Transplantation tolerance related to the susceptibility of conventional T cells to Treg suppression

Transplantation tolerance related to the susceptibility of conventional T cells to Treg suppression

Patients who receive an organ transplant must take strong medications to prevent the immune system from rejecting the organ. Unfortunately, these medications can cause a variety of serious side effects and increase the risk of viral and bacterial infections. Therefore, researchers continue to look for ways to allow the immune system to accept a new organ while maintaining its normal functions.

In a new study published this week in the Proceedings of the National Academy of Sciences, University of Chicago researchers showed that in a model of mice with complete transplant tolerance, immune T cells that would normally attack the transplanted organ are more susceptible to suppression by regulatory T cells because they downregulate the expression of a key transcription factor. The research explains a new mechanism that explains why some animals rejected transplants while others achieved full acceptance, which could represent a potential target for improving transplant survival rates in humans.

The mice used in these experiments received a short-term treatment called costimulation blockade, which allowed them to permanently accept a heart transplant without having to continue taking immunosuppression drugs. Maria Luisa-Alegre, MD, PhD, professor of medicine at UChicago, and Anita Chong, professor of surgery at UChicago, co-senior authors of the new study, wanted to delve deeper into what was going on in these mice to help them tolerate the new organ so well.

If we succeed in achieving transplant tolerance in mice, we want to understand when this happens and how the immune system changes. And if we understand this, we may be able to develop new therapies to achieve transplant tolerance in humans too.”

Maria Luisa-Alegre, MD, PhD, Professor of Medicine, UChicago

T cells help the immune system fight infections and other foreign invaders. They come in many different flavors, including CD4+ T cells, which coordinate the immune response by stimulating other immune cells such as macrophages, B cells, and other types of T cells. There are two additional subgroups among CD4+ T cells; Conventional T cells help other immune cells, while regulatory T cells (commonly known as Tregs) shut down the conventional T cells at the end of an immune response.
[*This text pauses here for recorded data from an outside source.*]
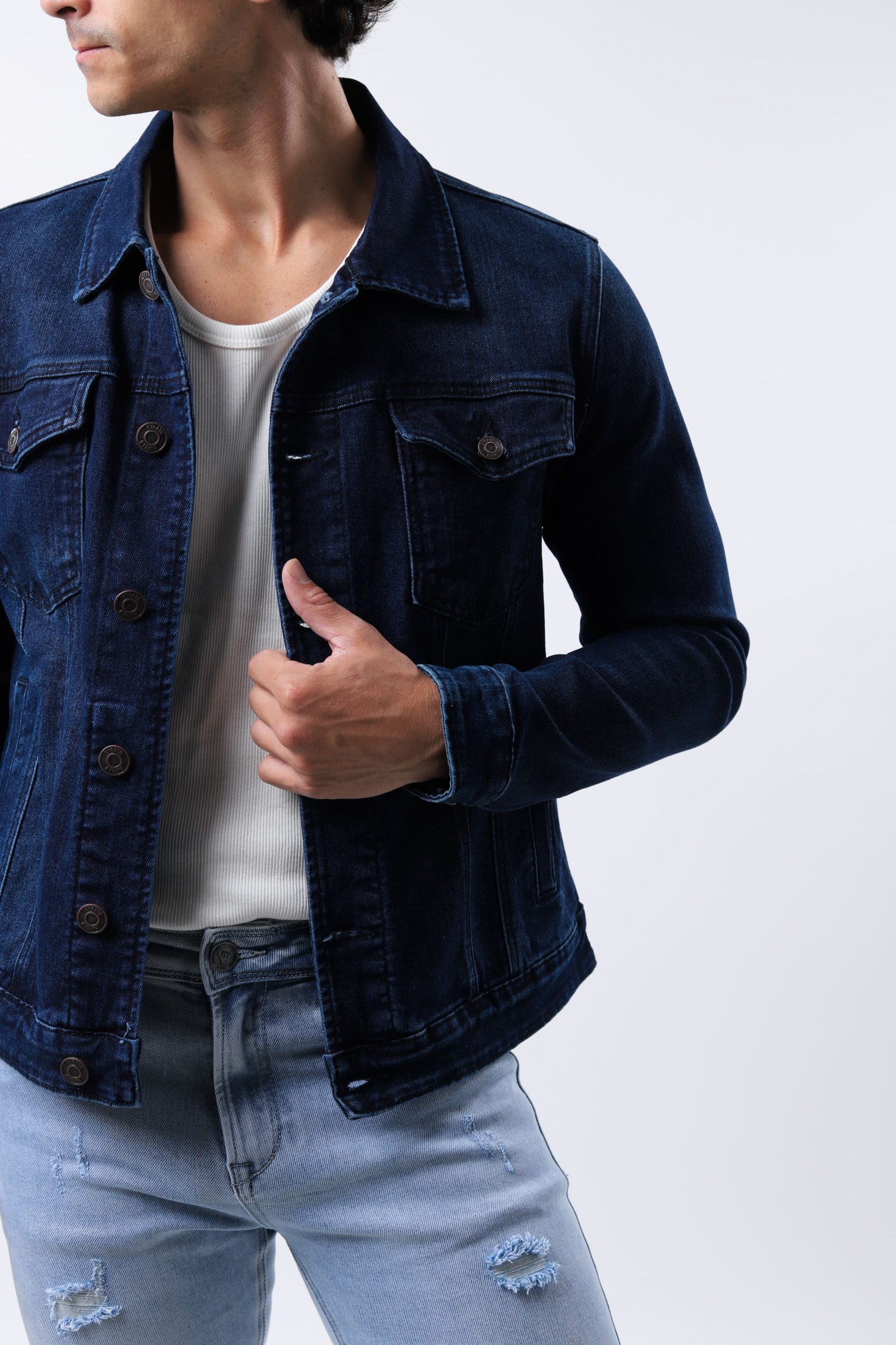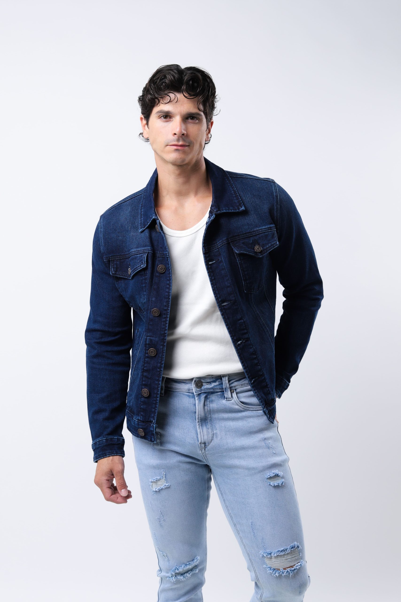 Collection denim chamarra de mezclilla atemporal y versátil, hecha de tejido denim, que se caracteriza por su durabilidad y estilo casual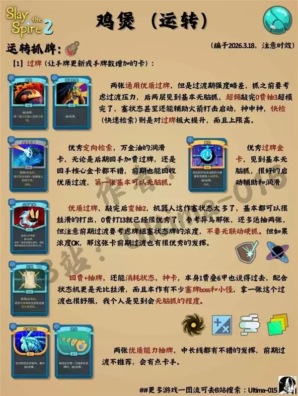 无论何种构筑,一些通用核心组件都至关重要:足够的过牌(“编译冲击”、“超频”)、稳定的“聚焦”来源、以及具备极强战术弹性的“回收”。前期过渡应优先选取“光束射线”、“划痕”等扎实的单卡,并谨慎对待需要配合的高阶卡牌。平稳度过第一、二层商店与首领战,远比强行拼凑未成型的流派更为重要。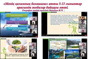 География пәнінің мұғалімі Машанов Жанатбектің ұйымдастыруымен 9-11 сыныптар арасында «Менің қаламның болашағы» атты жобалар байқауы бойынша слайд, бейнефильм негізінде өткізілді.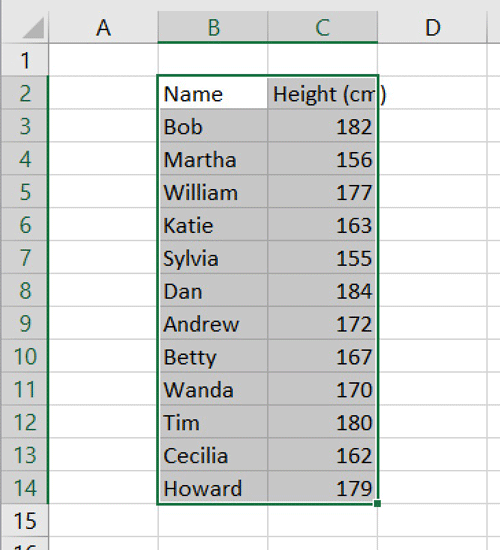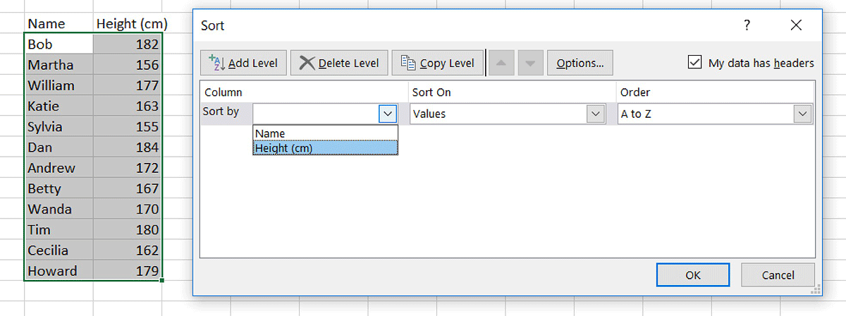 In the "Sort" dialog box, you may note that the button at top right, labeled "My data has headers," is checked. If you look back at the table cells, you will see that this has caused the Name and Height label cells to be deselected. You should check this status every time you sort; if you did not select the headers originally, checking the box will remove the first line of data. If you selected the headers but the box is not checked, then the header text will be sorted to the middle of the table.

Normally, these cells work together to first boost the response to a virus or pathogenic bacteria and then smoothly shut down once the infection has cleared. Unfortunately, these cells also recognize a transplanted organ as a foreign invader and respond in the same way. Therefore, scientists are trying to figure out how to prevent this reaction to a transplant without having to suppress the entire immune system indefinitely.

A few years ago, Alegre and her team collected transplant-specific conventional T cells from mice that accepted heart transplants and sequenced their RNA. This would allow them to see which genes were active and expressed, potentially providing an indication of how the mice were able to tolerate the new organ. They eventually focused on a gene known to play a role in the immune response to cancer tumors: a transcription factor called Satb1. In the cancer response and in the rejection of a transplanted organ, this gene is upregulated or more highly expressed, but in the transplant-tolerant mice it was downregulated, meaning it was expressed less.
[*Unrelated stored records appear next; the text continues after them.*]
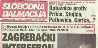Naslovnica Slobodne Dalmacije iz 2003. o „zagrebačkom interferonu koji spriječava SARS”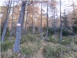 At the end of the parking lot, turn left onto the footpath after the signs "Biv. Montanel". The path leads quickly into the forest and then ascends the slopes northwards to a crossroads at mountain pasture Dalego.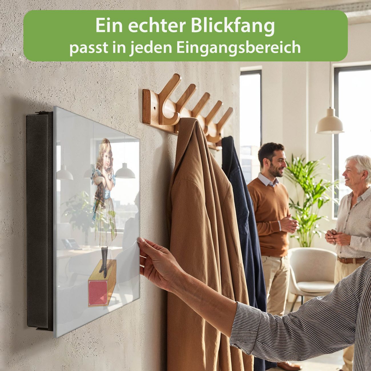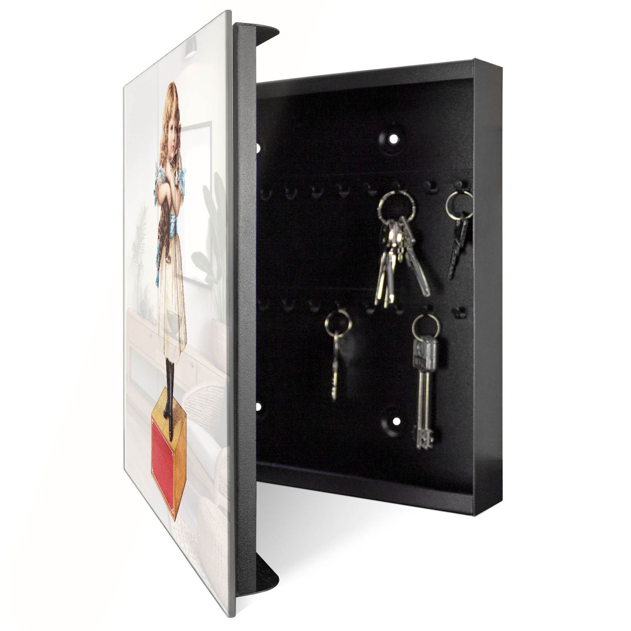 Bringe Ordnung und Eleganz in deinen Eingangsbereich mit dem banjado Schlüsselkasten Motiv Motiv Nostalgisches Mädchen mit Katze. Die moderne Schlüsselbox kombiniert funktionales Design mit hochwertiger Verarbeitung und wird so zu einem echten Hingucker in Flur, Büro oder Ferienwohnung. ✅ Stilvolle Schlüsselaufbewahrung mit Glasfront im Motiv Motiv Nostalgisches Mädchen mit Katze Der Design-Schlüsselkasten Motiv Motiv Nostalgisches Mädchen mit Katze bietet Platz für bis zu 50 Schlüssel, die auf 5 stabilen Reihen mit je 10 Haken übersichtlich verstaut werden. Mit seinen kompakten Maßen von 30 x 30 x 5 cm passt die Schlüsselbox perfekt auch in kleinere Räume. Der schwarz lackierte Stahlkorpus mit rechts angeschlagenem Türscharnier harmoniert mit der Glasfront und fügt sich nahtlos in jedes Wohnambiente ein. Ob als Schlüsselorganizer für Zuhause oder als praktische Lösung für Büros, Praxen und Gewerbe, der banjado Schlüsselkasten sorgt für Ordnung und Übersicht. Dank der magnetischen, mit Kreidestiften beschreibbaren Glasfront kannst du Notizen anheften oder Termine direkt auf der Oberfläche festhalten. Die Schlüsselbox Motiv Motiv Nostalgisches Mädchen mit Katze zur Wandmontage wird inklusive Befestigungsmaterial geliefert und ist schnell angebracht. So hast du deine Schlüssel jederzeit griffbereit und zugleich stilvoll verstaut. Mit diesem banjado Schlüsselkasten Motiv Motiv Nostalgisches Mädchen mit Katze kombinierst du praktische Aufbewahrung mit stilvollem Wohndesign. Ob privat oder geschäftlich, die Schlüsselbox sorgt für mehr Ordnung, Übersicht und ein wohnliches Ambiente.Vorteile im Überblick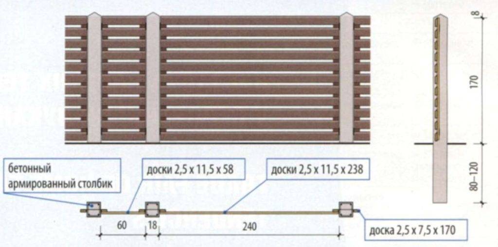 В качестве опорных стоек могут использоваться металлические, бетонные или деревянные столбы. Высота забора колеблется от 1,5 до 2 м. Горизонтально ориентированные ламели располагаются под углом, рекомендуемое расстояние между ними 15-20 мм. Подготавливается фундамент, в котором бетонируются опорные стойки.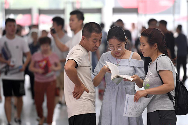 High school graduates and their parents attend an enrollment counseling event in Xi’an, Northwest China’s Shaanxi province, June 24, 2019.[Photo/Xinhua]

“That made sense because what we want to achieve in transplant versus cancer is a mirror image,” Alegre said. “Cancer researchers try to boost the immune system to fight off cancer, but we want to shut down the immune system so the transplants don’t get rejected.”
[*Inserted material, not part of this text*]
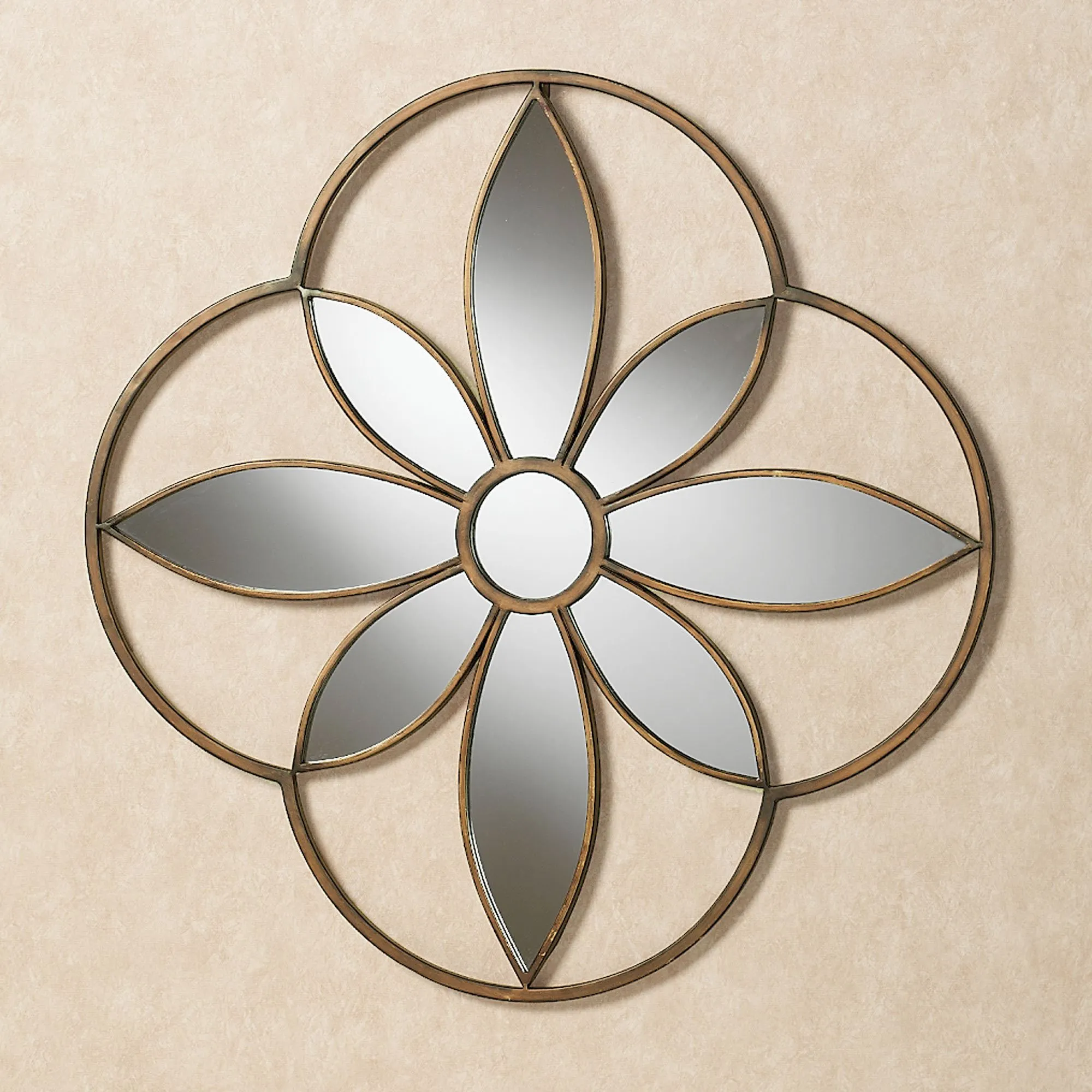 Floral accent meets stylish contemporary design in the Enchanting Bloom Mirrored Metal Wall Art. Nine individual mirror panels form the center and petals of a stylized blossom, accented with an openwork frame that is finished in antique gold. Simple, modern design makes this metal wall art a great addition to many rooms. Measures 33"x33".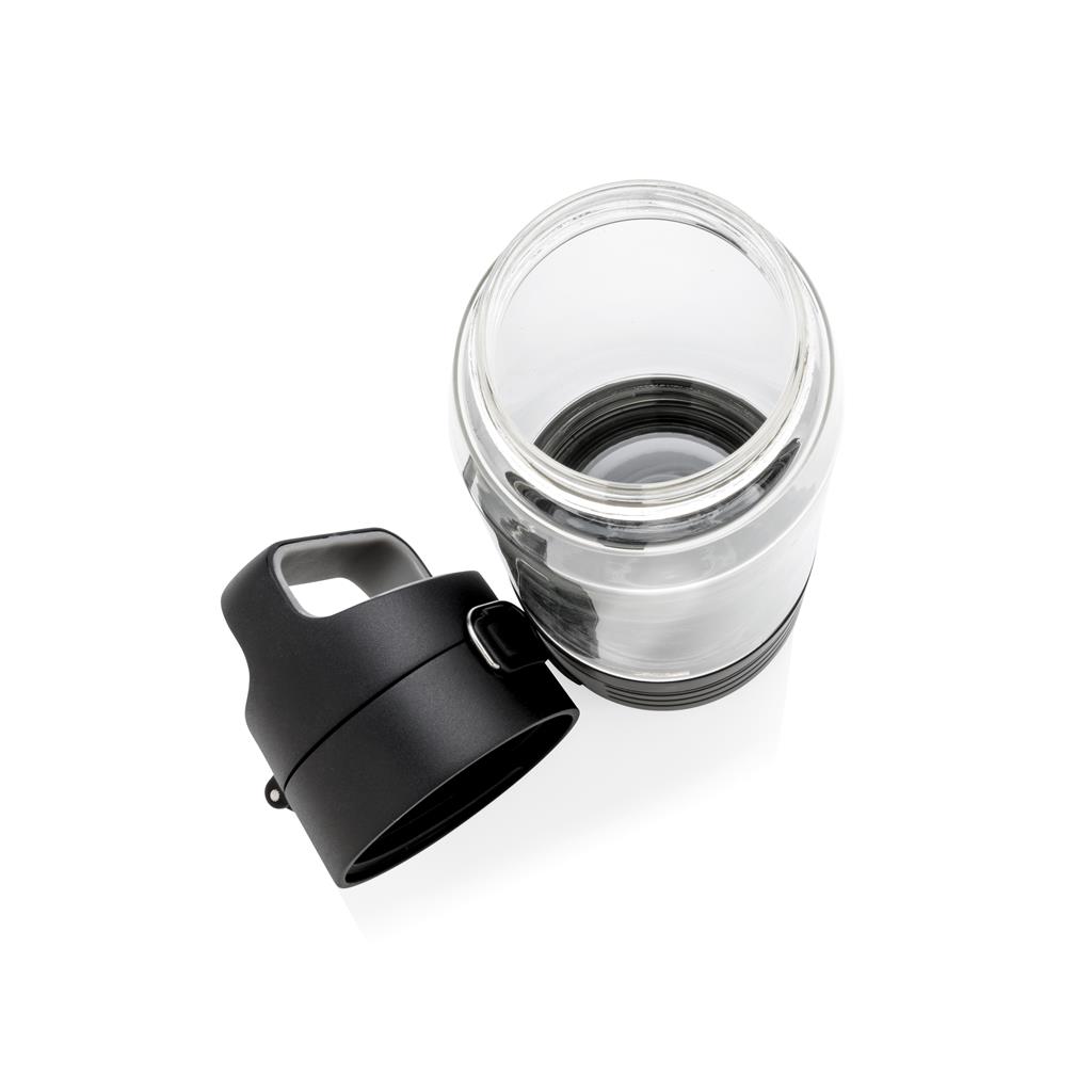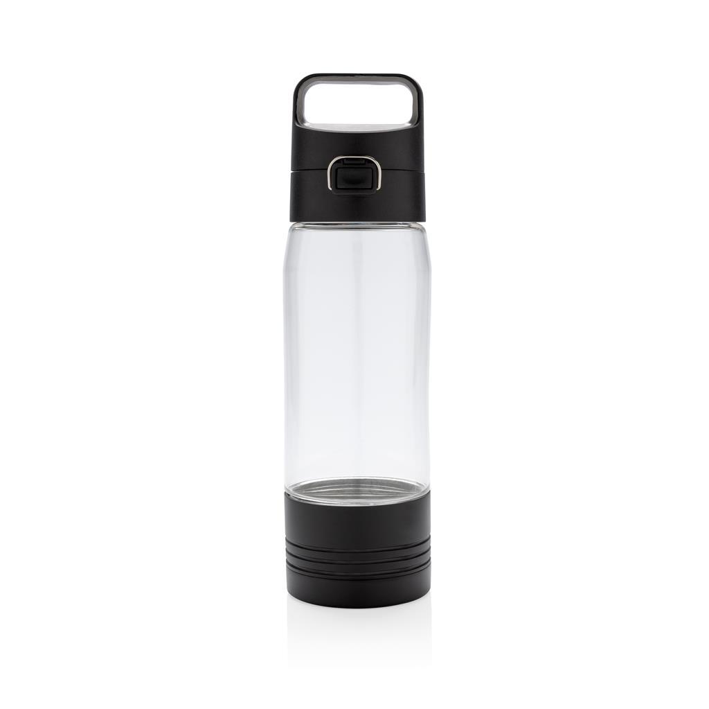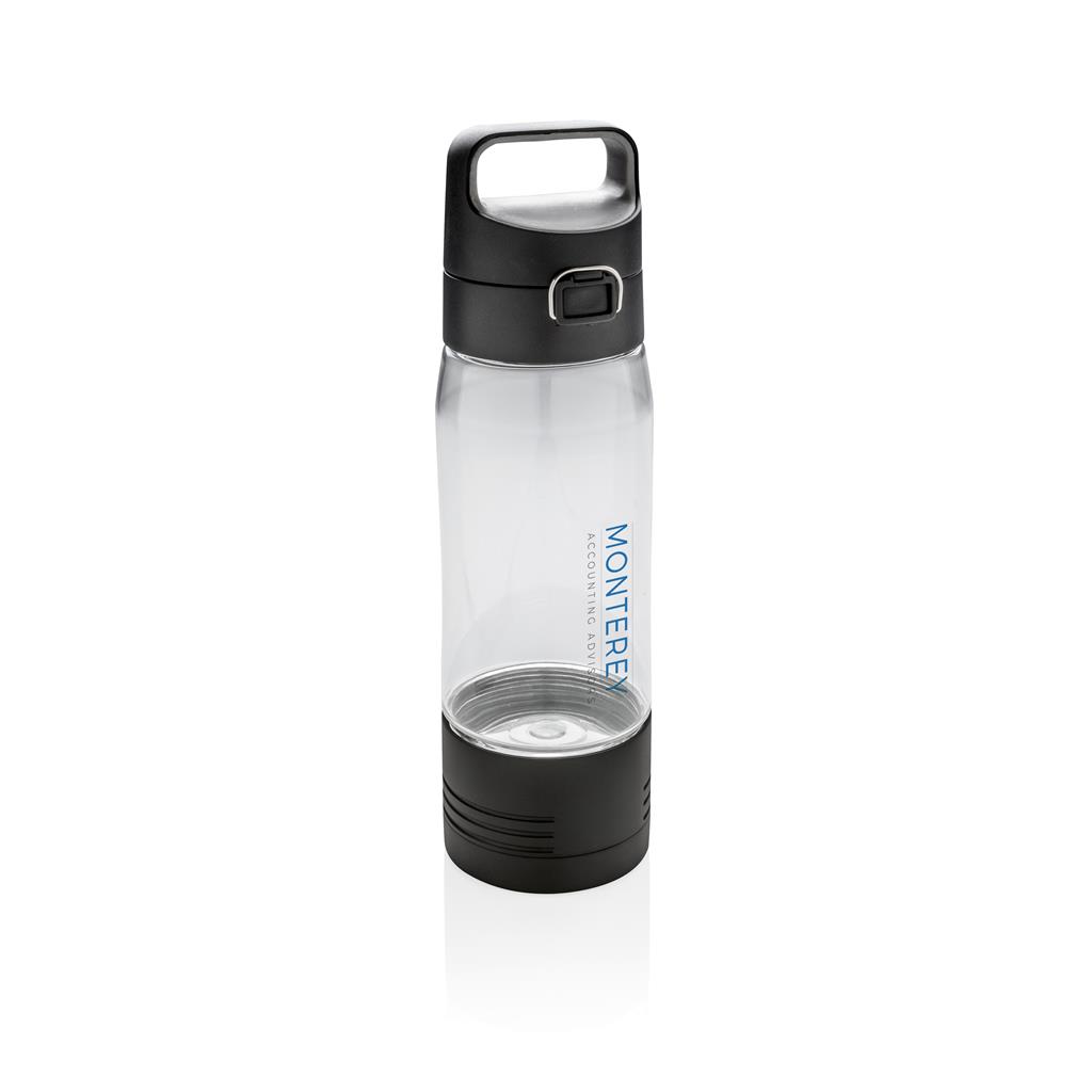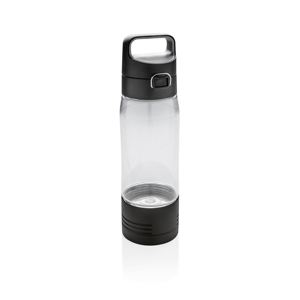 Nepropustná tritanová láhev s uzamykatelným uzávěrem a madlem. V podstavci se nachází 5 000 mAh bezdrátově nabíjející powerbanka. Kompatibilní se všemi zařízeními podporující QI, jako jsou nejnovější generace Android, iPhone 8 a výše. Vstup 5.0V/1.0A. Výstup 5.0V/2.1A. Bezdrátový výstup: 5W. Objem 600 ml. Ochranný vzor® 2 baterií typu Li-poly súčasťou balenia. PMS color 1: Transparent

They initially thought that the downregulated Satb1 would impair the function of conventional T cells, which explains why these mice accepted the transplants, but it turned out it wasn't that simple. They tested another group of mice in which Satb1 was knocked out in conventional T cells, rendering it non-functional, and hoped that this would enable these mice to accept transplants. But they also rejected new organs, just like mice with intact Satb1. However, when the researchers added a small number of Tregs, the mice accepted the organ. This suggested that although the conventional T cells functioned properly in both cases, the lack of Satb1 made them more susceptible to being knocked out by Tregs.

Alegre said this finding is still a long way from being translated into new treatments for humans, but it gives them insight into exactly what transplant tolerance looks like at the immune cell level. Perhaps one day this could be incorporated into a new, more precise immunosuppression regimen.

"It reveals two things. One thing was not known, which is that a transcription factor increases or decreases the susceptibility of conventional T cells to suppression by Tregs," she said. “And second, it reveals another component of transplant tolerance that we may be able to exploit to make transplant tolerance more robust.”

Source:

University of Chicago

Reference:

Gupta, PK, et al. (2022) Reduced Satb1 expression predisposes conventional CD4+ T cells to Treg suppression and promotes graft survival. PNAS. doi.org/10.1073/pnas.2205062119.